Whole Foods Market (NASDAQ:WFM) stock fell by a whopping 19% on Wednesday after the supermarket chain released disappointing results for the quarter ended on April 13. Increased competition from players such as Wal-Mart (NYSE:WMT) and Sprouts Farmers Market (NASDAQ:SFM) represents a considerable challenge for Whole Foods. On the other hand, the company is still the quality leader in a growing niche.
Is the dip in Whole Foods a buying opportunity for investors, or is this a declining business?
Total sales during the quarter increased by 10% to $3.32 billion, while comparable-store sales grew 4.5% versus the same period in 2013. This was lower than the Wall Street estimate of $3.34 billion in revenue, and also a deceleration in growth versus prior quarters.
Profit margins were under pressure during the quarter: gross profit margin fell by 51 basis points to 35.9% of revenue, while store contribution margin decreased 41 basis points to 10.6% of sales. Earnings per share came in at $0.38, flat versus the same quarter in 2013 and significantly below the consensus estimate of $0.41 per share.
In addition, Whole Foods reduced its guidance for the third consecutive quarter. The company now expects sales growth of between 10.5% and 11% in 2014, versus a previous guidance in the range of 11% to 12%. Guidance for earnings-per-share growth was also cut from between 7% and 12% to between 3% and 6%.
Whole Foods is still performing better than most competitors in the grocery business when comparing sales and profitability. However, considering that this is the third straight quarter in which the company reported disappointing results, recent weakness seems to be more than just a small bump in the road.
Natural and organic foods has been a profitable high-growth niche in the otherwise lackluster groceries business over the last several years, and Whole Foods has benefited significantly from that trend. But success attracts competition, and both traditional retailers such as Wal-Mart and focused players like Sprouts Farmers Market are increasing their competitive pressure.
Wal-Mart has been growing its presence in the segment lately, and recently announced it would relaunch Wild Oats, a line of organic food products that is focused on providing competitively low prices in the category.
Wal-Mart estimates consumers will save nearly 25% on their grocery bill when purchasing Wild Oats products versus other organic brands, and this sounds like a smart proposition considering recent industry trends. While demand for natural and organic food has been steadily growing over the years, one of the biggest disadvantages for consumers is the higher price tag that comes with these products.
Sprouts Farmers Market is materially smaller than Whole Foods, but the company´s slogan, "Healthy Living for Less," is quite clear on the fact that Sprouts is willing to offer lower prices in order to compete for market share.
Sprouts Farmers Market reported earnings for the first quarter of 2014 on Thursday, and the company delivered a big increase of 26% in total revenue to $722.6 million. This was fueled by a 12.8% rise in same-store sales, so Sprouts Farmers Market seems to be succeeding in its attempts to outgrow bigger industry players such as Whole Foods.
Whole Foods management acknowledges that competition is increasing from multiple fronts, and the company plans to tackle the threat by cutting prices and improving the customer experience and overall differentiation.

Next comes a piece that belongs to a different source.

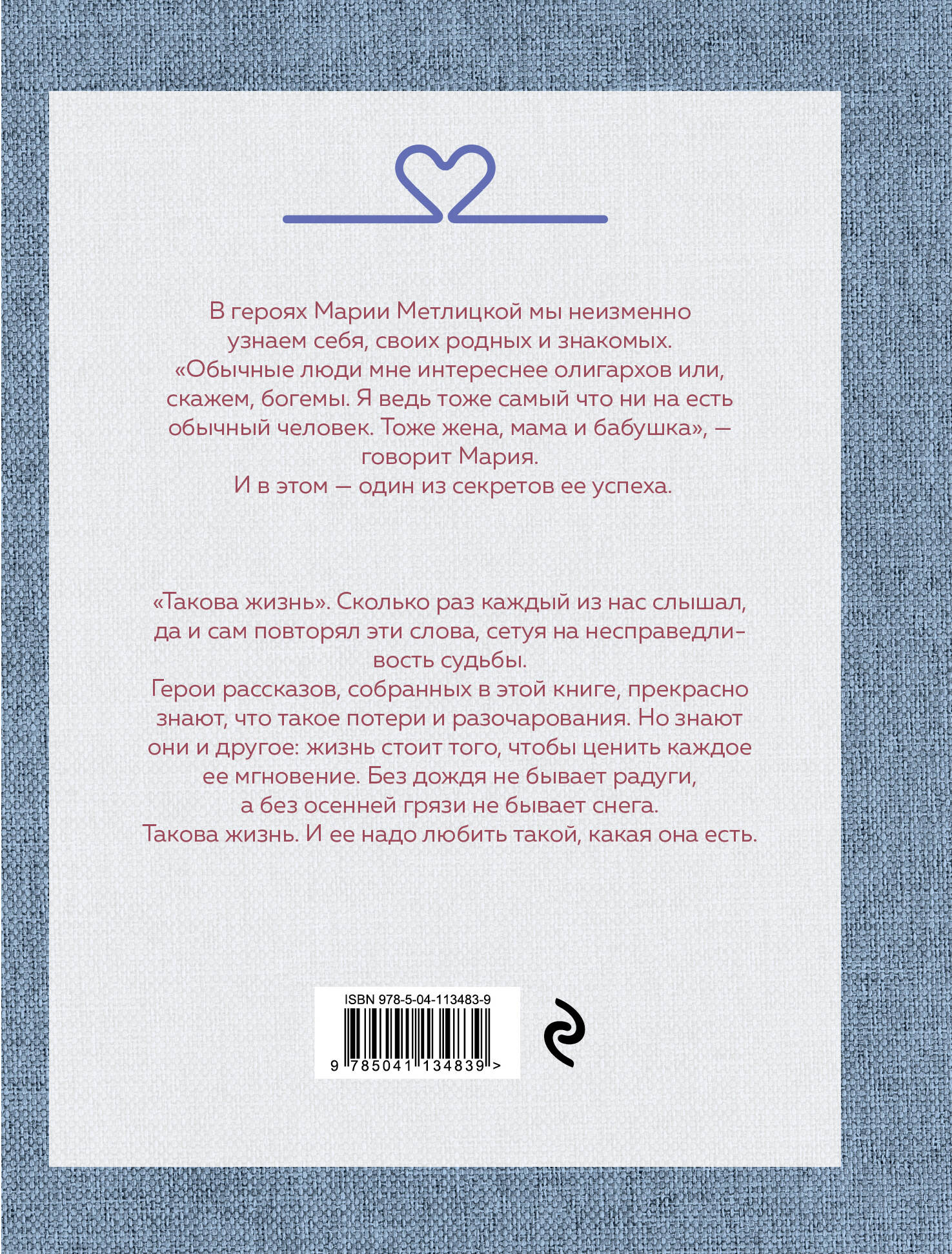 Мария Метлицкая показывает нам «маленькую жизнь» негромких людей - в ее героях мы узнаем себя, своих родных и знакомых. «Обычные люди мне интереснее олигархов или, скажем, богемы. Я ведь тоже - самый что ни на есть обычный человек. Живу такой же жизнью, что и вы. Я тоже жена, мама и бабушка», - говорит Мария. И в этом - один из секретов ее успеха. Ее рассказы примиряют с трудностями и дают надежду на счастье. «Такова жизнь». Сколько раз каждый из нас слышал, да и сам повторял эти слова, сетуя на несправедливость судьбы, невозможность что-либо в ней изменить. Герои рассказов, собранных в этой книге, прекрасно знают, что такое потери, разочарования, предательство. Но знают они и другое: жизнь стоит того, чтобы ценить каждое ее мгновение. Невозможно прожить без трудностей и проблем. Но без дождя не бывает радуги, без осенней грязи не бывает белоснежного снега. Черная полоса обязательно сменяется белой. Такова жизнь. И ее надо любить такой, какая она есть.| Издательство | ООО "Издательство "Эксмо" |

Wal-Mart has a gross profit margin in the area of 25% of sales, while Sprouts Farmers Market announced a gross margin of 31% for the last quarter. This is considerably lower than the gross margin near 36% reported by Whole Foods in the latest earnings release.
As Whole Foods expands into lower-income areas, the company will need to continue making "price investments" to attract customers, so profit margins will likely remain under pressure in the coming quarters.

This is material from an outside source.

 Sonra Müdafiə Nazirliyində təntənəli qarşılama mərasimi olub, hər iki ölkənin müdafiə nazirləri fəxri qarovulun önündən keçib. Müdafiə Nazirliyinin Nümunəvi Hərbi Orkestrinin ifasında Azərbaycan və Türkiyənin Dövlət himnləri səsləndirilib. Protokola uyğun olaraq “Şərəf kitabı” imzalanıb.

Whole Foods is arguably a victim of its own success, attracting competition. There's still a lot of growth left in the industry and the healthy-eating trend is providing a strong secular tailwind for different players.

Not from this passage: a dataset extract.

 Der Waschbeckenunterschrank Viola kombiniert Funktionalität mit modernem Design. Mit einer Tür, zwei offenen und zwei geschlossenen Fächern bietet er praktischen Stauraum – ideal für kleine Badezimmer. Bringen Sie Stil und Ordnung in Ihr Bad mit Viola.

Management estimates that Whole Foods itself can build 1,200 stores in the U.S. alone, versus a current base of 379 locations.
Whole Foods is doing the right thing by betting on long-term growth opportunities and lowering prices to protect market share and capitalize on the trend toward healthier eating habits, even if this means lower profit margins in the short term.
Whole Foods faces increased competitive pressure; however, the company continues to benefit from growing demand for organic and natural foods. Brand differentiation and a reputation for quality should provide some competitive protection for Whole Foods as the company continues closing the price gap with its competitors. This long-term growth story still looks quite healthy.